Ma chi diavolo frequenta il Limmud di Firenze? | Kolòt-Voci

Ma chi diavolo frequenta il Limmud di Firenze?

A Firenze si è svolta la seconda edizione del Limmud Italia Day 2015

Sandro Servi

Il Limmudnik internationalis italicus è, come dice il nome stesso, una varietà dell’internationalis e, pur risentendo dell’habitat più mite che gli consente un approvvigionamento di materiali commestibili più nobili, ne condivide caratteri psicofisici e stile di vita.

Limmud 2015Il Limmudnik italicus è a volte estremamente colto, specializzato in rare discipline accademiche a cui ha dedicato i migliori anni della sua formazione giovanile e poi la sua luminosa carriera universitaria: usa allora aggirarsi tra le classi dell’evento cercando sofisticate connessioni tra la disciplina che padroneggia e le basi dell’ebraismo che, al contrario, sembrano poco aggredibili dalle sue competenze. Quando espone il suo intervento fa tesoro delle categorie scientifiche che gli sono familiari. Occasionalmente è meno acculturato e, in tal caso, è vorace frequentatore delle presentazioni che gli appaiono maggiormente educative.

Vi sono dei limmudnikim irriducibilmente laici sempre però curiosi e rispettosi delle tradizioni religiose: i loro campioni sono Elishà ben Avuyà, Baruch Spinoza, Sigmund Freud e Albert Einstein; e di osservanti, che tuttavia non disdegnano di confrontarsi con modalità di vita ebraica diverse e non conformiste: parlano di Torà, ma lo fanno in modo poco convenzionale, usando un linguaggio che – almeno a parer loro – dovrebbe incontrare l’approvazione anche dei miscredenti.

Fra i limmudnikim vi sono artisti, musicisti, pittori, fotografi, amanti della danza e della cucina. Anche loro anelano a integrare la passione della loro vita con i principi della Torà (quindi: pittura ebraica, cucina ebraica, danza ebraica, teatro ebraico, fotografia ebraica ecc) e di mostrare che la loro creatività può ispirare e essere alimentata da miti e riti della cultura avita.

I limmudnikim sono uomini e donne, giovani e vecchi, prestanti e portatori di handicap, carnivori e vegani, scapoli e ammogliati, timidi e attaccabottoni, seriosi e ridanciani. I “giovani” sono ragazzi e ragazze che, nonostante la crisi che avvolge le nostre Comunità, non hanno perso fiducia nel futuro, si identificano con le loro radici ebraiche, e vogliono proporre i loro progetti per rifondare un ebraismo vitale, attivo, capace di affrontare le sfide del terzo millennio. I “vecchi” (pardon, i più maturi) non sono di quelli che amano riposare sugli allori. Loro condividono il concetto di “educazione permanente”, vogliono ancora imparare cose nuove e aspirano a trasmettere le loro esperienze, mettendosi alla prova e ampliando i propri orizzonti culturali. Tutti, comunque, condividono la convinzione che lo studio arricchisce la persona, amplia gli orizzonti, è indispensabile per formarsi un’identità matura e consapevole.

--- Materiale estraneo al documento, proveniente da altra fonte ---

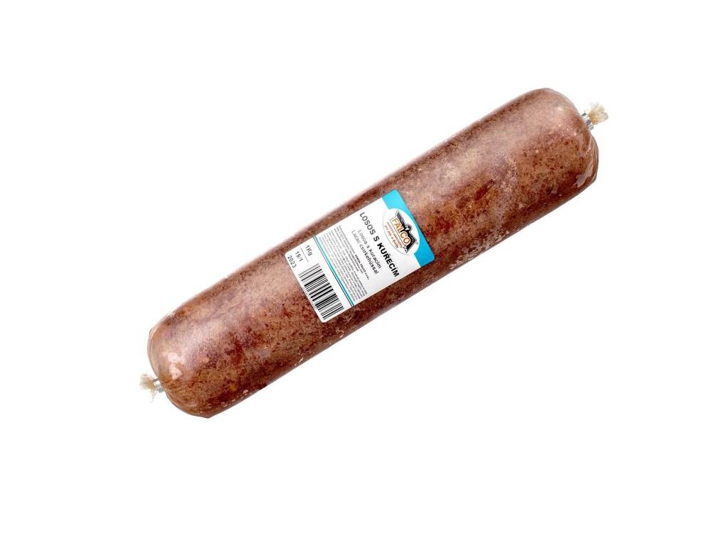 Mletá směs z lososa a kuřecího masa. Vše obsažené v 1kg balení. Salám je balen ve varném střevě, které lze vařit i s obalem.
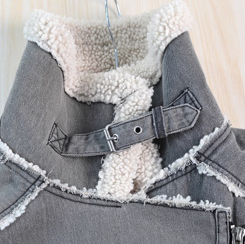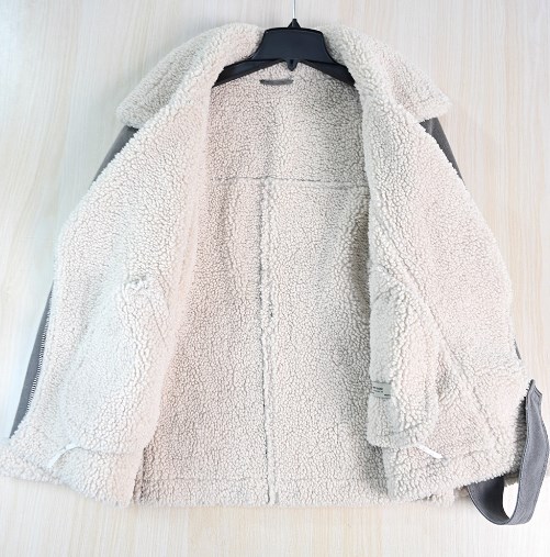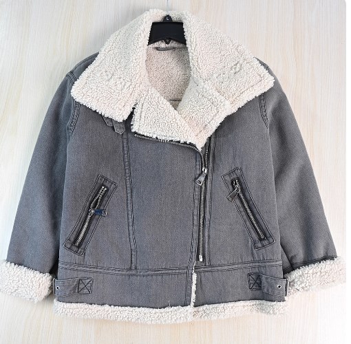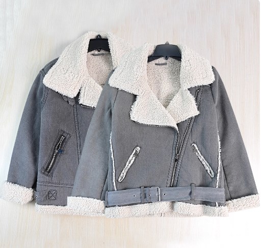 Материал: Этикетка отрезана Ткань представляет собой композитный материал с саржевым переплетением джинсовой ткани и текстурированной изнанкой из искусственной овечьей шерсти. Изделие плотное и тёплое на ощупь, а также выглядит стильно. Слегка свободный крой делает изделие теплым, но не громоздким. Куртка застегивается на молнию с наклонным расположением по центру и оснащена кожаным воротником-петлей, что позволяет носить ее как воротник-стойку, когда становится холодно. Два наклонных боковых кармана с застежкой-молнией Ремень съемный. Комментарии к товару

C’è chi si occupa di ebraismo a tempo perso e chi per professione, ma in un caso e nell’altro sono ugualmente animati da desiderio di conoscenza, da sana curiosità intellettuale, da volontà di comunicare. Tra loro, i rabbini non dimenticano che il precetto di studiare include quello di insegnare (e non solo ai tre discepoli prediletti). Sono grati per aver avuto l’opportunità di studiare Torà, e si sentono quindi in dovere di restituire un po’ della loro cultura a tutti coloro che lo richiedono. Non si lasciano sfuggire l’occasione di comunicare e insegnare i valori dell’ebraismo a qualsiasi pubblico, perché hanno imparato dai loro Maestri a tenersi lontani da ogni sorta di settarismo e di bigotteria. Amano anche rispondere alle domande, e perfino ascoltare chi ha idee diverse dalle loro, convinti, come sono, che si possa imparare sempre, e da chiunque, qualcosa di nuovo e di interessante.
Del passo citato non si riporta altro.